Jane loves her husband George Boleyn beyond all reason. Unfortunately, the only woman he has eyes for is his sister Anne who is being courted by King Henry. Most of you know the story from there: Henry changes the religion of England to divorce his wife and marry Anne, Anne fails to produce sons and gets on Henry’s nerves, Henry looks for a way to get rid of Anne and Jane provides him with testimony that sends Anne, George, and others to their deaths. Three queens later, Jane helps Katherine Howard cuckold Henry with Thomas Culpepper and ends up in the Tower and on the block herself.

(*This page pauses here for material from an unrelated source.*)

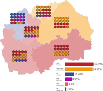 A coalition government was required as neither of the two largest parties hold enough seats to form a majority on their own, and mathematically, any coalition will have to include at least one of the two largest Albanian minority parties. The BDI made its participation in any coalition contingent on the nominee for Prime Minister being an ethnic Albanian, which both the SDSM and VMRO-DPMNE have refused.[32][33][34] The BDI also had increased tensions with both the SDSM and the Alliance for Albanians coalition prior to and during the election, accusing the former of splitting the Albanian vote by allying with the Besa Movement,[35] and being accused by the latter of committing fraud.[36]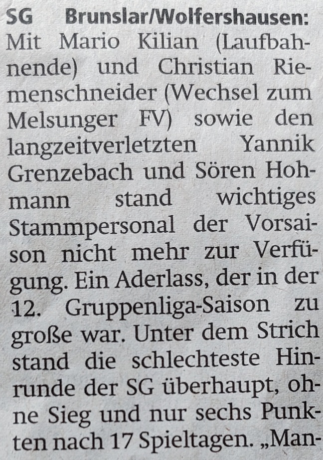 So 7.4.24, 15 Uhr, SG Brunslar/Wolfershausen I – SG Bad Wildungen/Fr. 0:2 (0:0)

I have mixed feelings about this book. On one hand, it kept me very engaged, especially considering it is the umpteenth book about the Tudors I’ve read. On the other hand, there were certain things that really drew me out of the story. At one point Mary Boleyn is exiled to Hever pregnant with Henry’s child, a few pages later she is back at court participating in a masque with Anne. It wasn’t entirely clear how much time had passed, so it may have been that her exile had ended, but that wasn’t explained and confused for a moment. It also surprised me that Jane Boleyn would describe Jane Seymour as ‘housewifely,’ but looking into it, ‘housewife’ has evidently been in use since the 13th century, so I suppose that is not anachronistic as it originally seemed to me.
I’d say I would have really enjoyed it overall, but there were a couple of things that really bothered me. The repetition of the untrue rumor of Anne having a sixth finger is getting really old, and I wish novelists would stop repeating it. Then there was Jane Boleyn having Thomas Cromwell’s child. And Katherine Howard and Anne of Cleves as lovers. Those last two things almost made me wish the book had ended with Anne and George’s deaths.
I’m really torn, “The Boleyn Wife” was well-written and engaging, but there were some crazy additions that out-Philippa Gregory’d Philippa Gregory that really bugged me. If you don’t mind some pretty significant liberties taken with your historical fiction, then you’ll probably enjoy this book.